程序代写代做代考 Contingency Tables 2

Contingency Tables 2
Billie Anderson, Mark Newman
2020-08-25
Agenda
▪ Prior Homework
▪ Contingency Tables
▪ Next Homework
Tests of Association for Two-Way Tables
This module is concerned with measures for understanding relationships (or dependencies) of variables in \(r\) x \(c\) contingency tables.
We are going to continue our discussion of testing the relationships among variables in a contingency table, but now we will use another statistic, chi-square, \(\chi^2\).

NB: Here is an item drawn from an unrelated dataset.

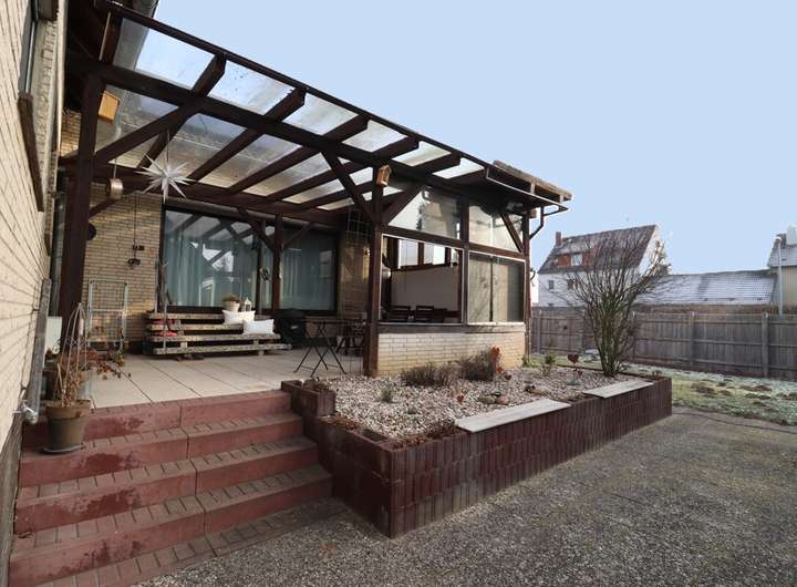 Ein besonderes Highlight ist die große überdachte Terrasse, die sich ideal für sommerliche Abende und geselliges Beisammensein eignet. Der schöne Garten rundet das ansprechende Gesamtbild ab und bietet ausreichend Raum für Spiel, Erholung und Gartenarbeit.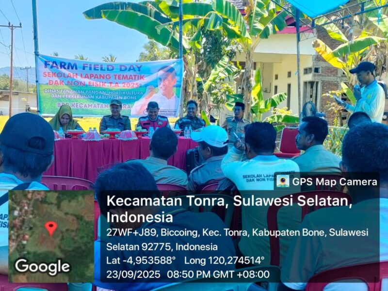 BONE – Babinsa Koramil 1407-16/Tonra Sertu Ansar Rajab hadiri Rapat Farm Field Day Sekolah Lapangan Tematik Dana Alokasi Khusus (DAK) Non Fisik Tahun 2025, yang diselenggarakan oleh Dinas Tanaman Pangan, Hortikultura dan Perkebunan Kabupaten Bone, bertempat di Desa Gareccing, Kec. Tonra, Kab. Bone. Selasa siang (23/09/25).

\(\chi^2\) is a very versatile statistic. It ‘pops up’ a lot in traditional statistical analysis. We have already used in it in the last module for a goodness of fit statistic when we trying to assess whether certain data sets followed either a Binomial or Poisson distributions.
\(\chi^2\) can also be used as a test of association for categorical variables in contingency tables. It is a competing measure to the odds ratio.
Recall, from last week, we were interested in testing
\(H_0:\) two variables are independent of each other (there is no relationship)
\(H_1\): two variables are not independent of each other (there is some relationship)
We tested the above hypothesis test with an odds ratio. We can perform the test above with a chi-square statistic.
Note: An odds ratio can only be used when you have variables in the contingency table that are binary. So, odds ratios can only be applied when the contingency table is 2×2. The chi-square statistic can be applied if the categorical variables in the table have more than 2 levels; chi-square tests of associations can be applied to \(r\) x \(c\) contingency tables.
Tests of Association Using the Chi-square statistic
In general, you can think of any chi-square statistic as
\[\sum\frac{\text{(observed frequency – expected frequency)}^2}{\text{expected frequency}}\] By ‘expected frequency’, we mean the expected frequency (counts) we would observe if \(H_0\) is true, if there is no relationship among the variables. Think about the value when you compute \(\chi^2\)!
Two possibilities:
1. What if \(\chi^2\) is small? What does this mean in terms of what you are testing?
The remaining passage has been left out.